» EXERCISE:
Pictures excluded, reproduce exactly the lines below from the one with "Blue Felt BMX" through the one with "هناك في المقابل", both included.

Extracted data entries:
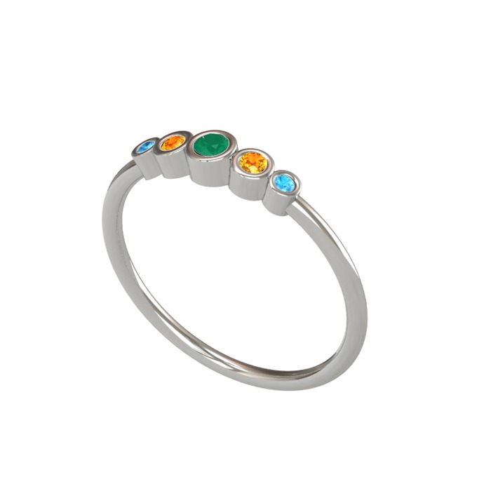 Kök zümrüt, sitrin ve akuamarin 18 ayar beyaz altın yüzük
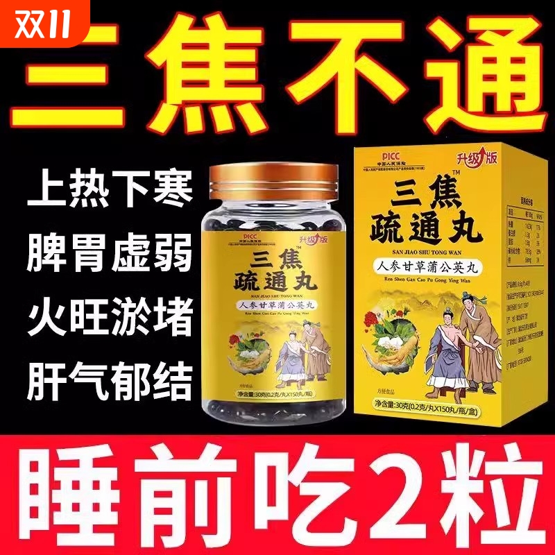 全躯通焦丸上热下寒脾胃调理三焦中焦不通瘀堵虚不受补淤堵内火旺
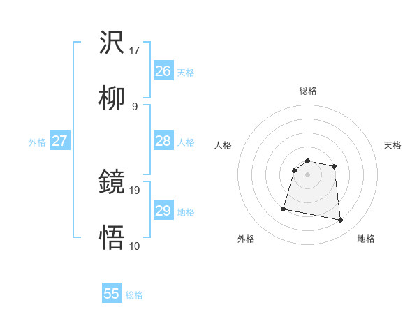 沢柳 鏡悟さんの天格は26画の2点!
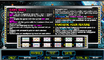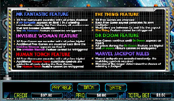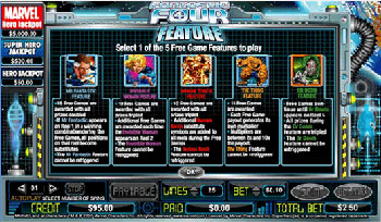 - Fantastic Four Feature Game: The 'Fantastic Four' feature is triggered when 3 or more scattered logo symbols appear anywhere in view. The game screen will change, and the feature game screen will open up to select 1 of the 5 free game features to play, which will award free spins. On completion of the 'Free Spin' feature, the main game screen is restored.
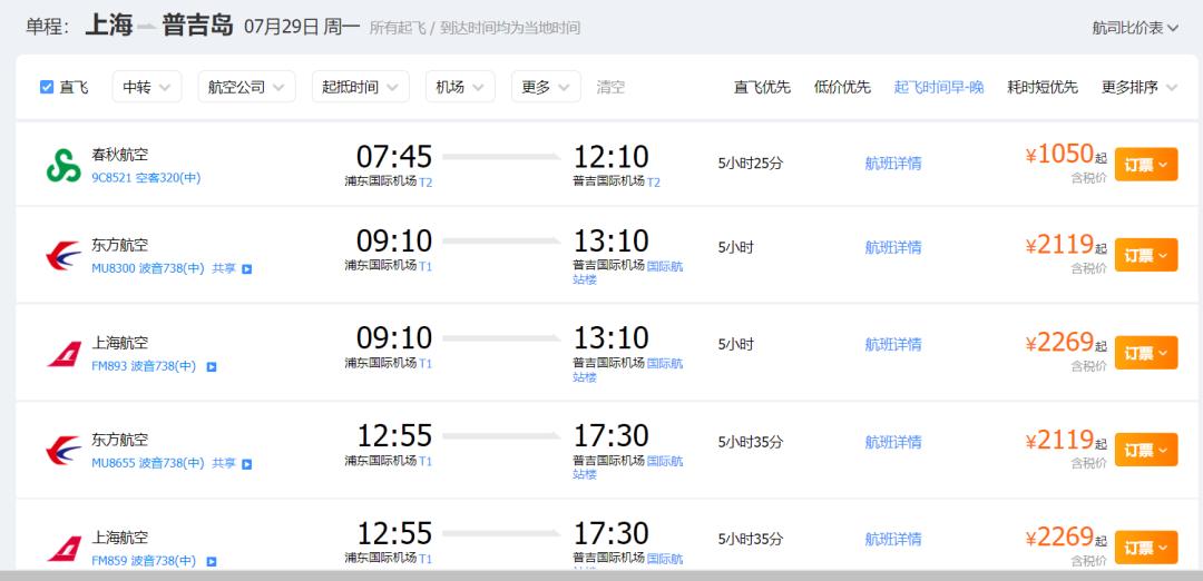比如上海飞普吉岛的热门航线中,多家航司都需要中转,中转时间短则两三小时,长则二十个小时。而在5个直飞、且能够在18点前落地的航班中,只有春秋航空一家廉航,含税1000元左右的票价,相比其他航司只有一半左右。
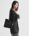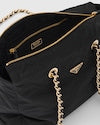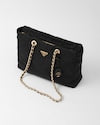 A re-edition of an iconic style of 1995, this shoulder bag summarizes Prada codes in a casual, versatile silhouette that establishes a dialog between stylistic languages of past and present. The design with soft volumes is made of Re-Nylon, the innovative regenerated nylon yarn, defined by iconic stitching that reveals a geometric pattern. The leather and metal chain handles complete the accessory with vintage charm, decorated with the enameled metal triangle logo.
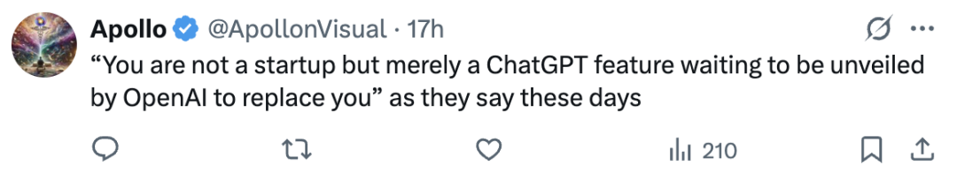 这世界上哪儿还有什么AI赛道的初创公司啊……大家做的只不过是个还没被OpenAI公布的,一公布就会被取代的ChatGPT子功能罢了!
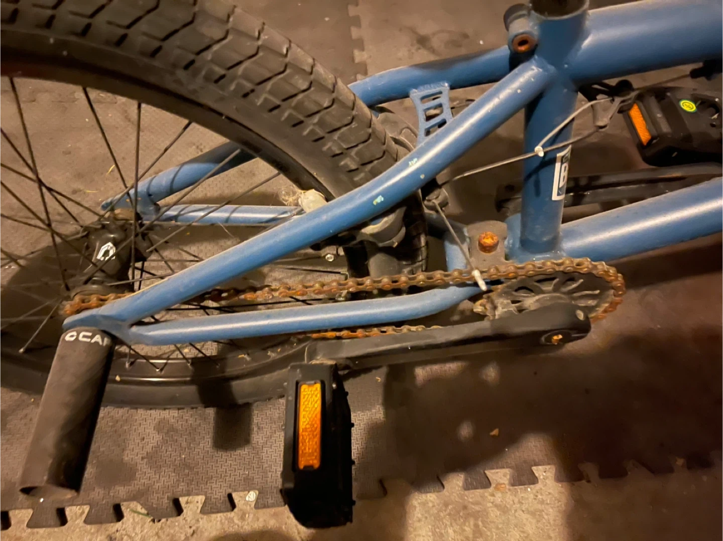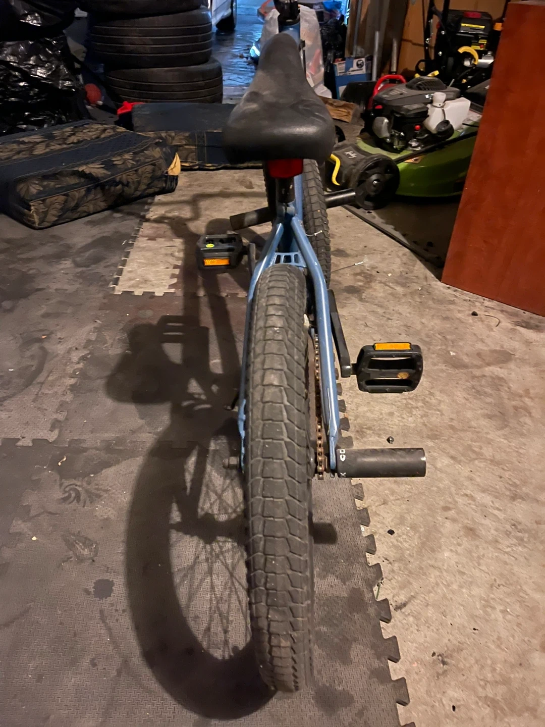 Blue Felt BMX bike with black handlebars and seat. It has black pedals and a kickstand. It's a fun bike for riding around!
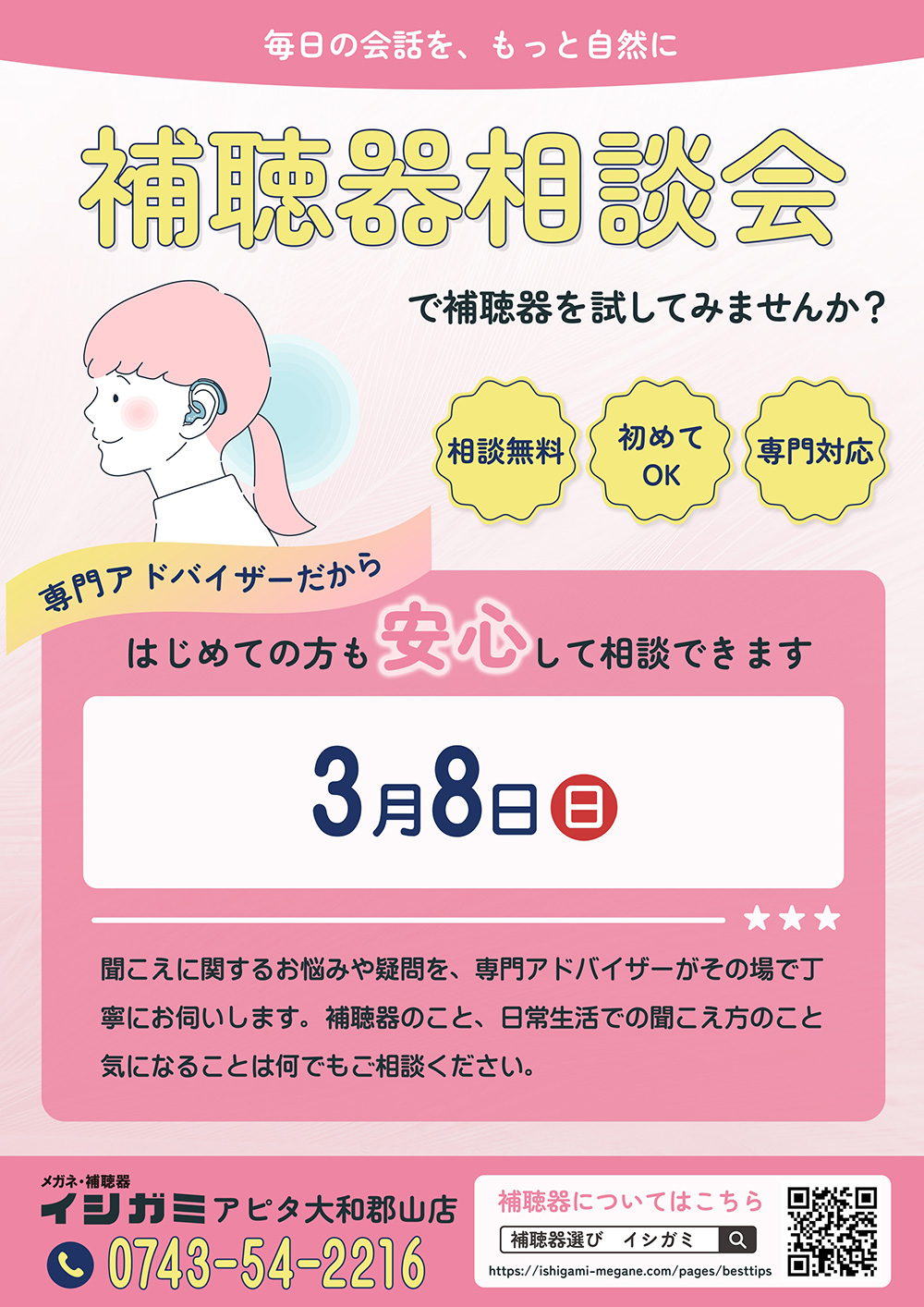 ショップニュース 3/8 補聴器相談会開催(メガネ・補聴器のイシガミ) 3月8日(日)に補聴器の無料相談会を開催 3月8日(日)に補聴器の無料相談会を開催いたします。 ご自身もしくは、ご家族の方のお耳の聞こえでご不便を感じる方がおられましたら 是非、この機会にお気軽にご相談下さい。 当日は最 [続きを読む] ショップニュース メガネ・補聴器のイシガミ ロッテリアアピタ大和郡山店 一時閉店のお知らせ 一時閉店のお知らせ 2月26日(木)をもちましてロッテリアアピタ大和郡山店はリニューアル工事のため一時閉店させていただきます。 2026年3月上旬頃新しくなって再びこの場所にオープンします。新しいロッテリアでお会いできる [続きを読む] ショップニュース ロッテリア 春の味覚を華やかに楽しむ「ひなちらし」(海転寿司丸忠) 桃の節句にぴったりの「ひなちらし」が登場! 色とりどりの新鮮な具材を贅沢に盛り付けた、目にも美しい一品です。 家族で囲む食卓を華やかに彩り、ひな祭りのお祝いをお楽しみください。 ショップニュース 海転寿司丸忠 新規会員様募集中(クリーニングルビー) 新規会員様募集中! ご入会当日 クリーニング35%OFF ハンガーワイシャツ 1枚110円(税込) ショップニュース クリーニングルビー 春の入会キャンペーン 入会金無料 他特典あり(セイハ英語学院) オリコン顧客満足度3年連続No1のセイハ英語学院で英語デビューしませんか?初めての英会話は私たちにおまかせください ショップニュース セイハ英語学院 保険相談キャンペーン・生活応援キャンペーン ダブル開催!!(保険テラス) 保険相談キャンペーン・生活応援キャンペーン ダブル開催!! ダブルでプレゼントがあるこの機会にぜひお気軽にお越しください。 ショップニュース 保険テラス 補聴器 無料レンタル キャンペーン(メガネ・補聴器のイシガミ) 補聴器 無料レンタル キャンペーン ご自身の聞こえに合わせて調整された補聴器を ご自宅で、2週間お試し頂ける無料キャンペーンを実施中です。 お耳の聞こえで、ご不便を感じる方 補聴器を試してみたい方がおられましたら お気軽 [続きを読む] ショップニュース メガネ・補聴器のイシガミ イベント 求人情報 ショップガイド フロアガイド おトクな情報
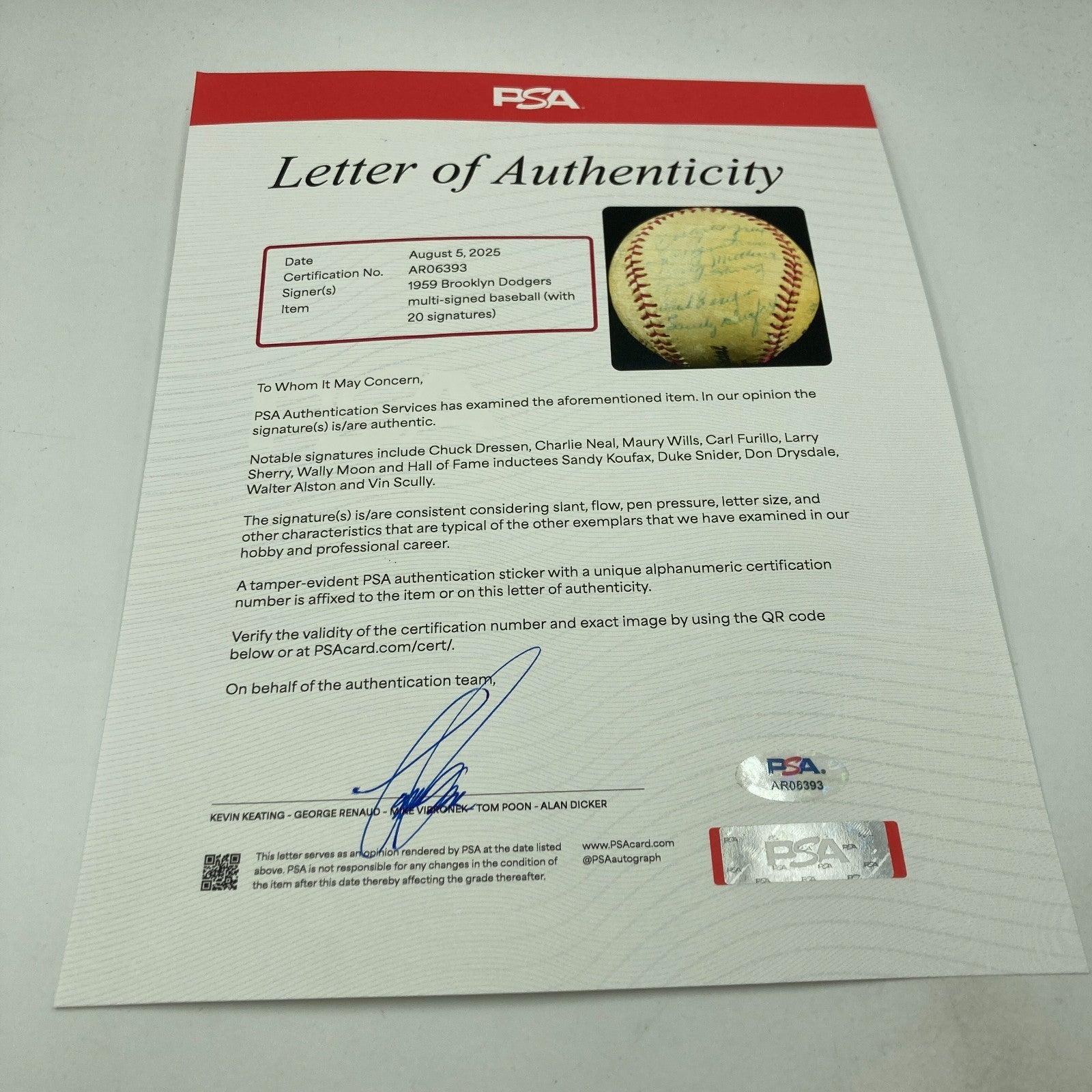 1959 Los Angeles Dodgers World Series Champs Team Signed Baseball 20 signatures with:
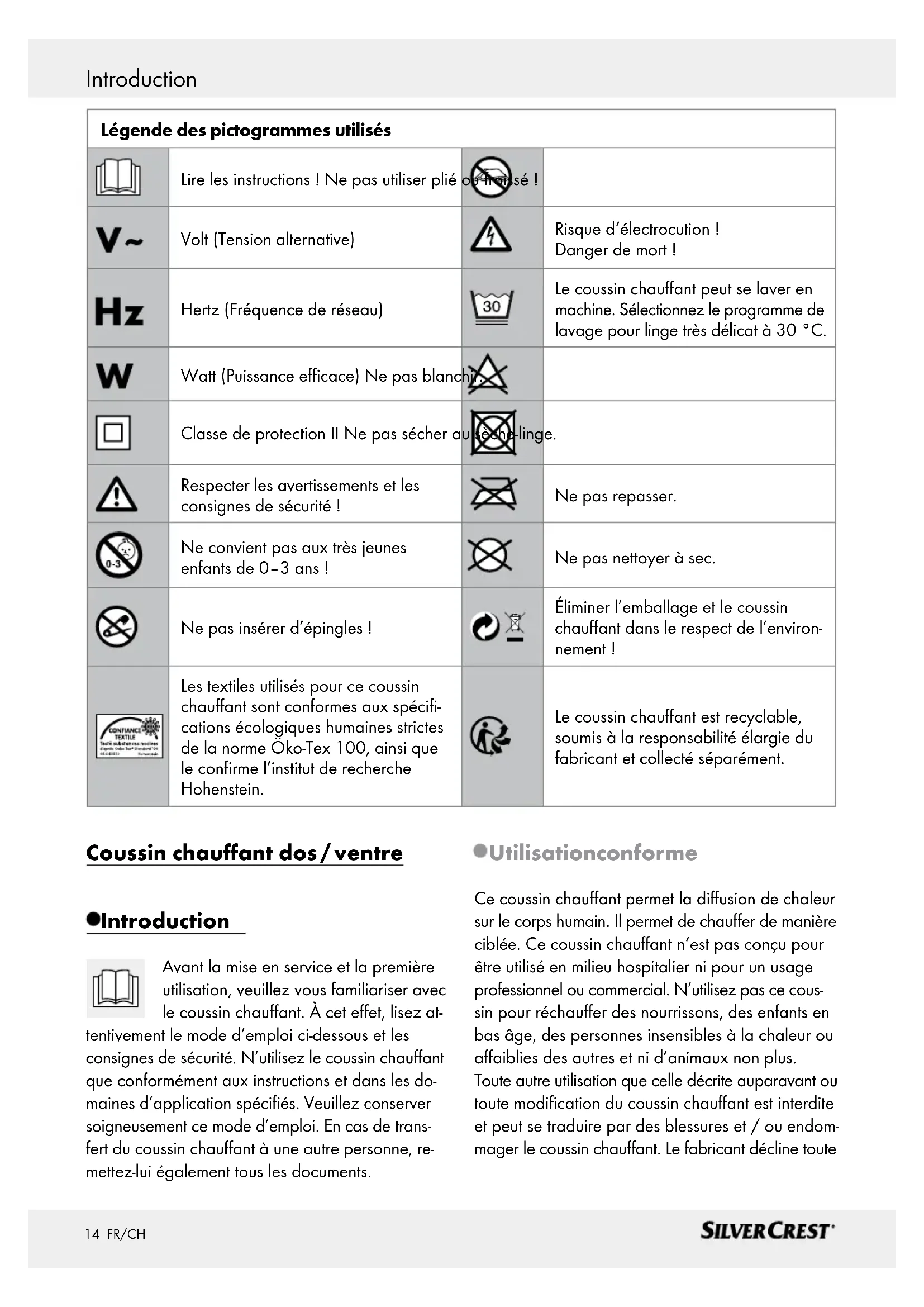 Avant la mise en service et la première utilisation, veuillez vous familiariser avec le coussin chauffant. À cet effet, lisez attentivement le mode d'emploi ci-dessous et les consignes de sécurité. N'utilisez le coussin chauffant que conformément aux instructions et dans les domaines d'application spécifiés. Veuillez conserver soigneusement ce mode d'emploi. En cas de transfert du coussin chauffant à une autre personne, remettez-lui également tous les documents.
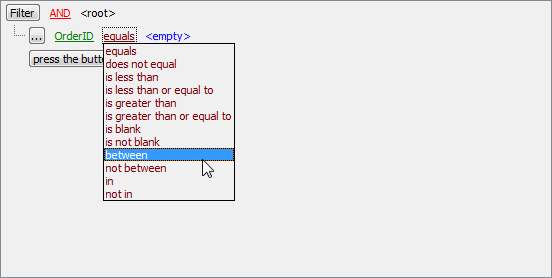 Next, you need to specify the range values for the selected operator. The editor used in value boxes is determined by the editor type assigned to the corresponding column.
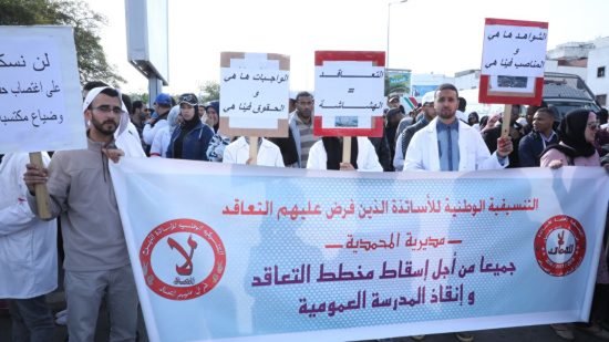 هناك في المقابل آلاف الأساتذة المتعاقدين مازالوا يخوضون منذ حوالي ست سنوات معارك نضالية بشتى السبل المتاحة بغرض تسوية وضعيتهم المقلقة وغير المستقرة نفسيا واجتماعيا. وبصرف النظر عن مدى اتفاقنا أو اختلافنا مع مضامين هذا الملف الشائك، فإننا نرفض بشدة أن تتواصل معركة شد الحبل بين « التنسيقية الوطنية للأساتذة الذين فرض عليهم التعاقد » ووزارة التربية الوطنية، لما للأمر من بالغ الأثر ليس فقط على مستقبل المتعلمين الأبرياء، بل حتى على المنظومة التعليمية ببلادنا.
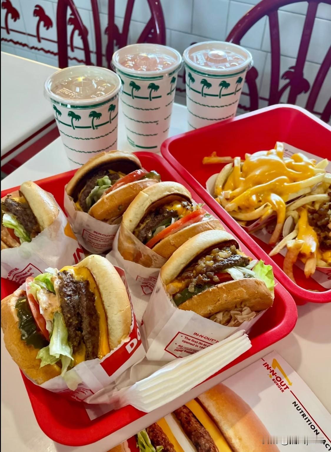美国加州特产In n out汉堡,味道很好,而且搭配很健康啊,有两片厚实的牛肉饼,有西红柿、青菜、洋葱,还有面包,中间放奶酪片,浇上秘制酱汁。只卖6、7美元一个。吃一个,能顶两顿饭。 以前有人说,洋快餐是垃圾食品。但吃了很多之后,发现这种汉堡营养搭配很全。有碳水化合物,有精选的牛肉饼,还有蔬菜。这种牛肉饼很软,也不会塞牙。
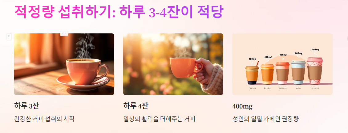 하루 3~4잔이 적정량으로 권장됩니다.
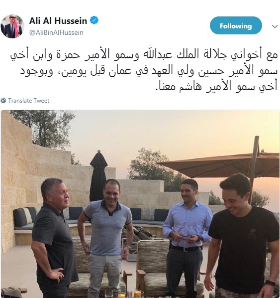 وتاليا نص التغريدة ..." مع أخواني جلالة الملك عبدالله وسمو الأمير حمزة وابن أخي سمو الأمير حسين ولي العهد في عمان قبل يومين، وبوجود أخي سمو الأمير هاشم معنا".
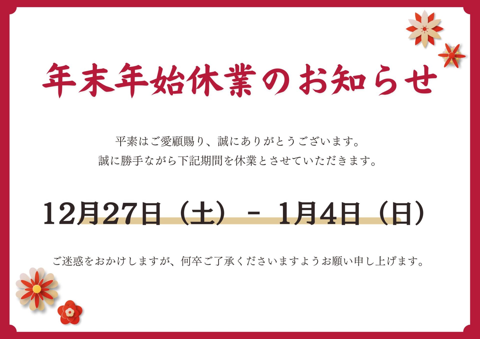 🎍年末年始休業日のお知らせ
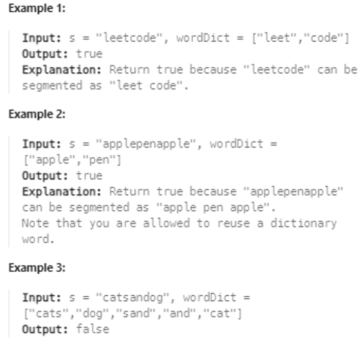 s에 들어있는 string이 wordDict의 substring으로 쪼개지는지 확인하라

» ANSWER:
 Blue Felt BMX bike with black handlebars and seat. It has black pedals and a kickstand. It's a fun bike for riding around!
 ショップニュース 3/8 補聴器相談会開催(メガネ・補聴器のイシガミ) 3月8日(日)に補聴器の無料相談会を開催 3月8日(日)に補聴器の無料相談会を開催いたします。 ご自身もしくは、ご家族の方のお耳の聞こえでご不便を感じる方がおられましたら 是非、この機会にお気軽にご相談下さい。 当日は最 [続きを読む] ショップニュース メガネ・補聴器のイシガミ ロッテリアアピタ大和郡山店 一時閉店のお知らせ 一時閉店のお知らせ 2月26日(木)をもちましてロッテリアアピタ大和郡山店はリニューアル工事のため一時閉店させていただきます。 2026年3月上旬頃新しくなって再びこの場所にオープンします。新しいロッテリアでお会いできる [続きを読む] ショップニュース ロッテリア 春の味覚を華やかに楽しむ「ひなちらし」(海転寿司丸忠) 桃の節句にぴったりの「ひなちらし」が登場! 色とりどりの新鮮な具材を贅沢に盛り付けた、目にも美しい一品です。 家族で囲む食卓を華やかに彩り、ひな祭りのお祝いをお楽しみください。 ショップニュース 海転寿司丸忠 新規会員様募集中(クリーニングルビー) 新規会員様募集中! ご入会当日 クリーニング35%OFF ハンガーワイシャツ 1枚110円(税込) ショップニュース クリーニングルビー 春の入会キャンペーン 入会金無料 他特典あり(セイハ英語学院) オリコン顧客満足度3年連続No1のセイハ英語学院で英語デビューしませんか?初めての英会話は私たちにおまかせください ショップニュース セイハ英語学院 保険相談キャンペーン・生活応援キャンペーン ダブル開催!!(保険テラス) 保険相談キャンペーン・生活応援キャンペーン ダブル開催!! ダブルでプレゼントがあるこの機会にぜひお気軽にお越しください。 ショップニュース 保険テラス 補聴器 無料レンタル キャンペーン(メガネ・補聴器のイシガミ) 補聴器 無料レンタル キャンペーン ご自身の聞こえに合わせて調整された補聴器を ご自宅で、2週間お試し頂ける無料キャンペーンを実施中です。 お耳の聞こえで、ご不便を感じる方 補聴器を試してみたい方がおられましたら お気軽 [続きを読む] ショップニュース メガネ・補聴器のイシガミ イベント 求人情報 ショップガイド フロアガイド おトクな情報
 1959 Los Angeles Dodgers World Series Champs Team Signed Baseball 20 signatures with:
 Avant la mise en service et la première utilisation, veuillez vous familiariser avec le coussin chauffant. À cet effet, lisez attentivement le mode d'emploi ci-dessous et les consignes de sécurité. N'utilisez le coussin chauffant que conformément aux instructions et dans les domaines d'application spécifiés. Veuillez conserver soigneusement ce mode d'emploi. En cas de transfert du coussin chauffant à une autre personne, remettez-lui également tous les documents.
 Next, you need to specify the range values for the selected operator. The editor used in value boxes is determined by the editor type assigned to the corresponding column.
 هناك في المقابل آلاف الأساتذة المتعاقدين مازالوا يخوضون منذ حوالي ست سنوات معارك نضالية بشتى السبل المتاحة بغرض تسوية وضعيتهم المقلقة وغير المستقرة نفسيا واجتماعيا. وبصرف النظر عن مدى اتفاقنا أو اختلافنا مع مضامين هذا الملف الشائك، فإننا نرفض بشدة أن تتواصل معركة شد الحبل بين « التنسيقية الوطنية للأساتذة الذين فرض عليهم التعاقد » ووزارة التربية الوطنية، لما للأمر من بالغ الأثر ليس فقط على مستقبل المتعلمين الأبرياء، بل حتى على المنظومة التعليمية ببلادنا.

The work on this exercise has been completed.